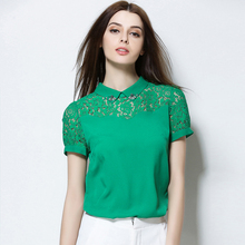 迪图正品2017夏款 简约修身娃娃领蕾丝拼接短袖雪纺衫百搭女上衣
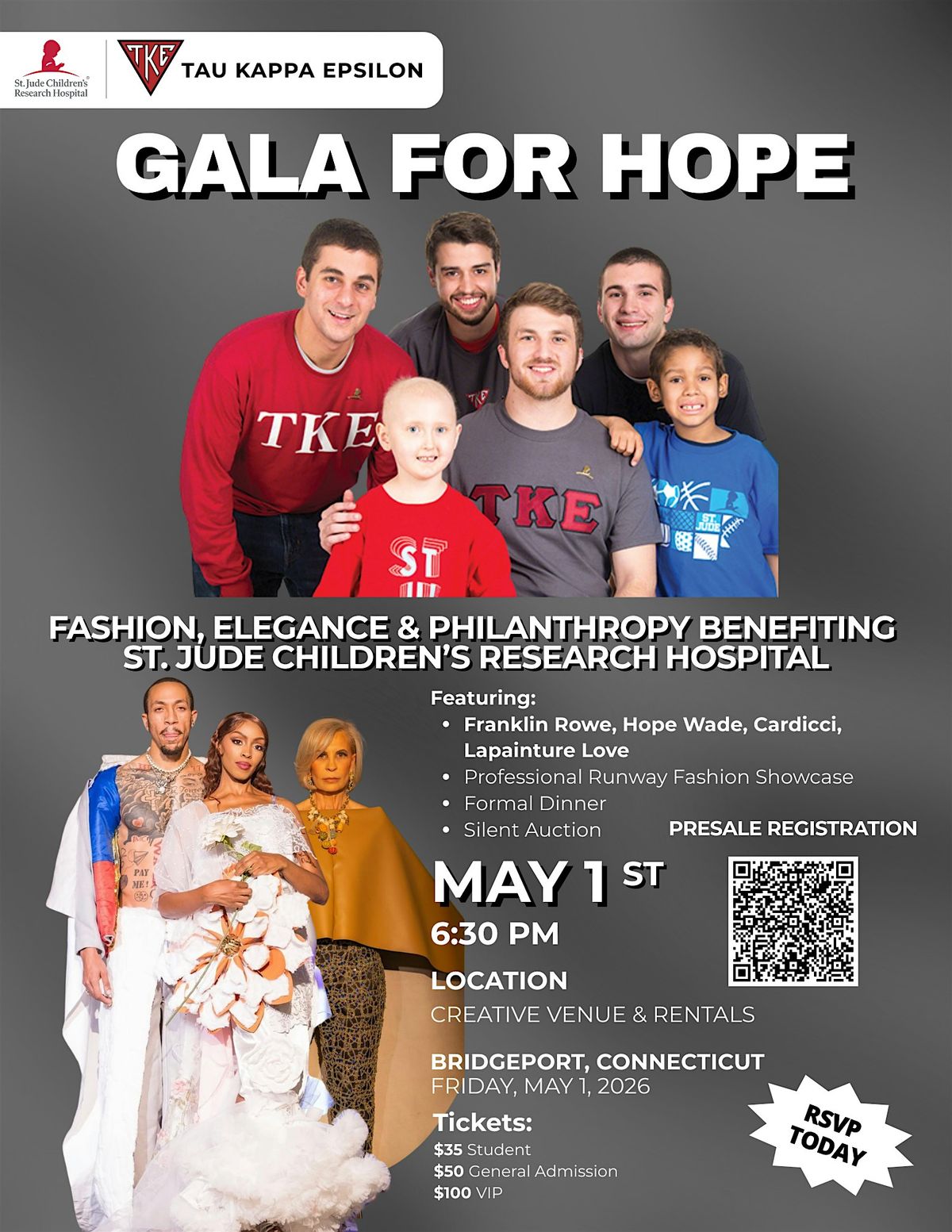 Join us for an unforgettable evening at the Gala for Hope, a fashion-forward fundraising event benefiting St. Jude Children’s Research Hospital. Hosted by the Tau Eta Chapter of Tau Kappa Epsilon at Southern Connecticut State University, this event brings together fashion, community, and philanthropy to support children battling cancer and other life-threatening diseases.
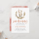 Cartão de convite de aniversário para moça de coelho bonito com aquarela ilustrando um coelho com verde e coroa floral rosa. O texto diz "alguém está fazendo X".
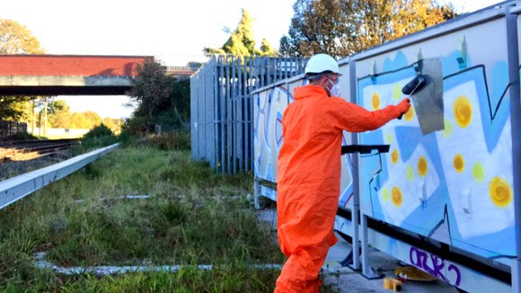 WAR PAINT…We have had the war on terror, war on drugs and now Network Rail is launching a war on graffiti. Teams of highly trained troops are working to clean up a stretch of the railway network in Southport armed with pressure washers and tins of paint. Rail minister Chris Heaton-Harris, said: “We’ve been clear that the blight of graffiti on our railways must be tackled. As we build back better, removing graffiti across the North West will improve our railway and make stations and services more pleasant for passengers.”
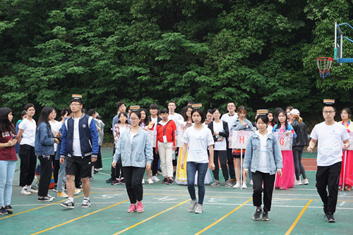 在动感十足的悦耳音乐中,“跳竹竿”拉开了活动的序幕,选手们手挽手跳跃,感受浓厚的黎族风情;“顶罐走”源自少数民族舞蹈,展现了参赛选手们的良好的平衡能力和心理素质;“篾鸡蛋”、“指压板跳绳”、“踩气球”、“毽球”、“板鞋竞走”更考验了同学们的团队协作能力和默契程度。“摸石过河”、“袋鼠跳”更是增加了活动的趣味性。在所有比赛项目结束后,进行了创意T台服装秀,同学们两两组队积极参与,参与的同学穿上少数民族的精美服装,同时进行现场展示,此环节将整个运动会推向了高潮。
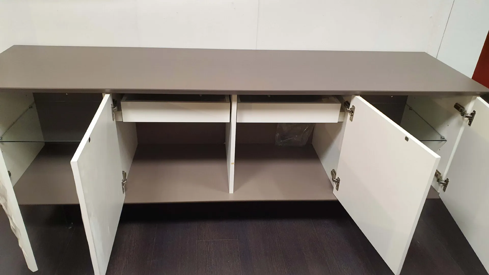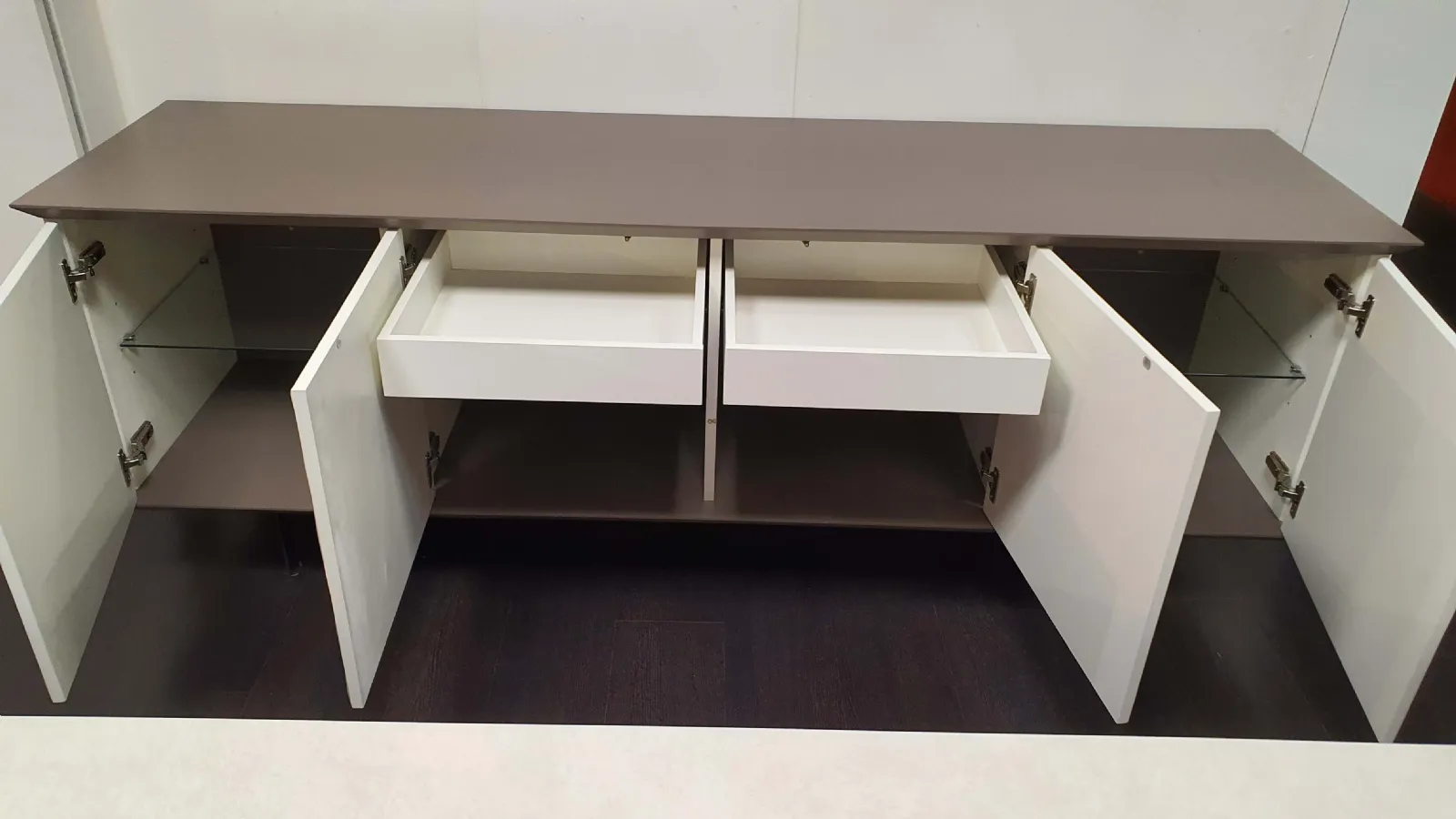 Misura cm L.205xP.54,5xH.75 ed è composta da n.4 ante battenti, n.2 cassetti interni e due ripiani interni in vetro trasparente.
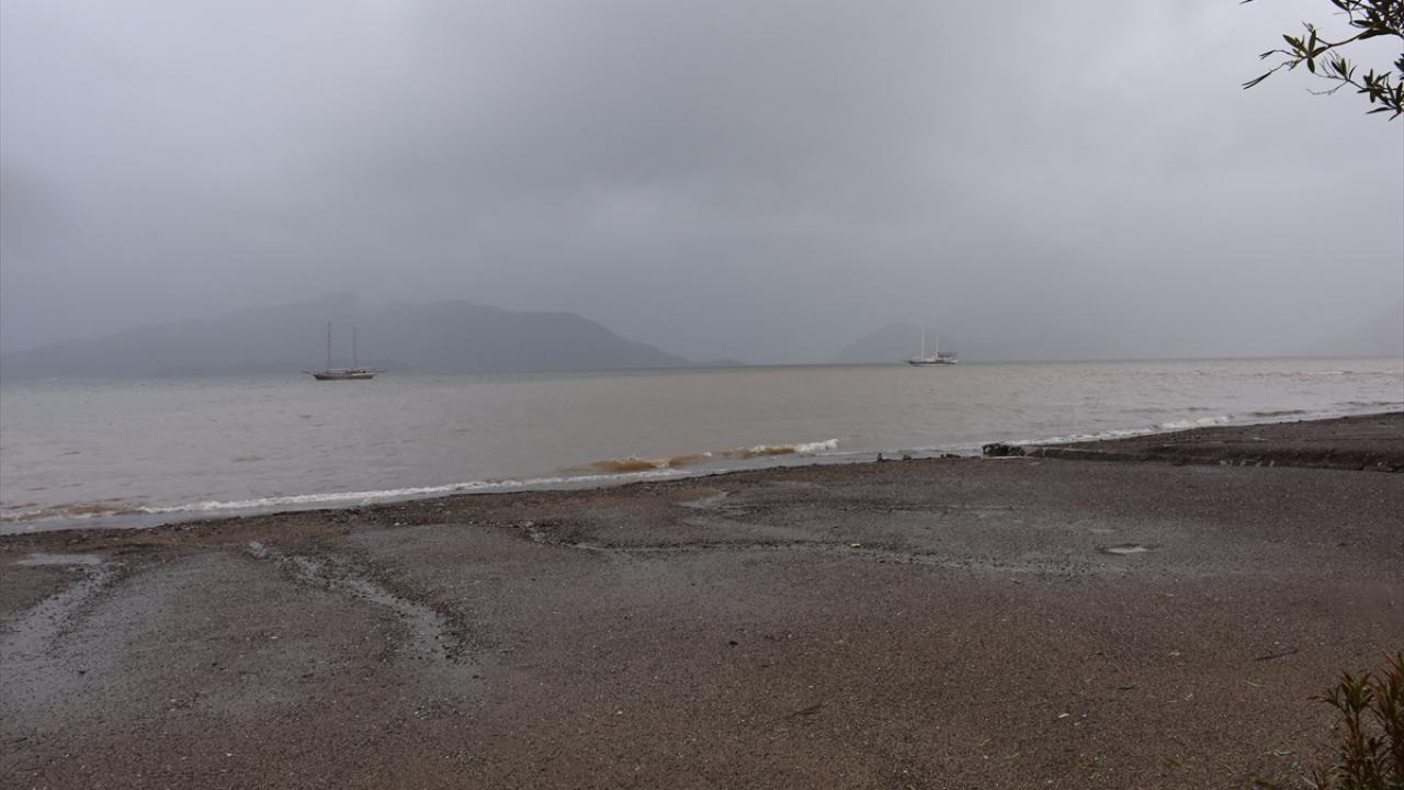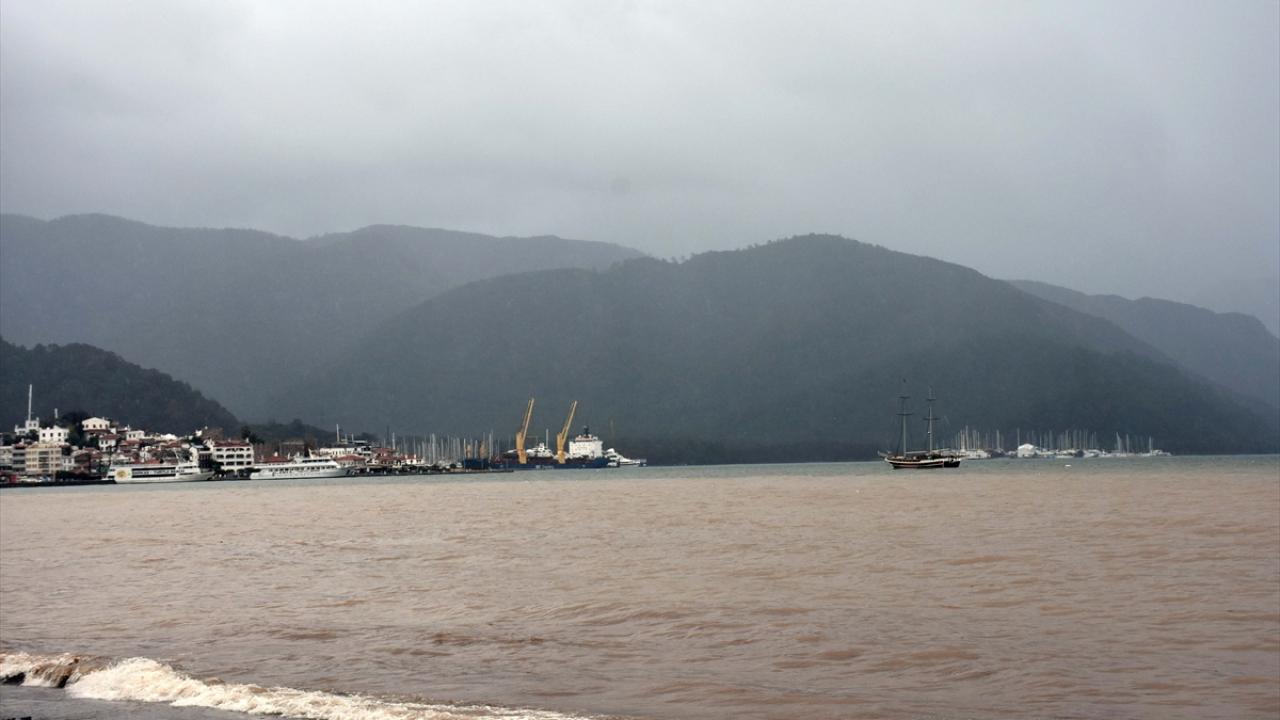 Marmaris`te sağanak sonrası yüksek kesimlerden gelen çamurlu su dolayısıyla denizin rengi kahverengiye dönüştü.
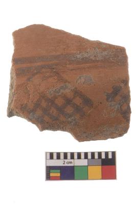 | Description / विवरण | Specimen of black on red ware with black decorative Joint lattice squares geometric painting. |
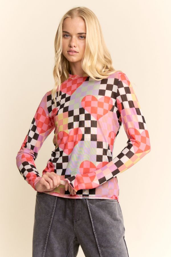 Make a bold statement in this long sleeve mesh top featuring a striking checkered heart print in vibrant mixed tones. Designed with a slim, stretchy fit, it’s perfect for layering under jackets or wearing on its own for an edgy, fashion-forward look. Lightweight and eye-catching, this piece brings playful energy and modern style to any outfit.

**Your objective**
Start at the top of the entries and repeat each line exactly, ending at the line that contains "Join us for". Pictures are not part of the copy.

**The completed task**
 迪图正品2017夏款 简约修身娃娃领蕾丝拼接短袖雪纺衫百搭女上衣
 Join us for an unforgettable evening at the Gala for Hope, a fashion-forward fundraising event benefiting St. Jude Children’s Research Hospital. Hosted by the Tau Eta Chapter of Tau Kappa Epsilon at Southern Connecticut State University, this event brings together fashion, community, and philanthropy to support children battling cancer and other life-threatening diseases.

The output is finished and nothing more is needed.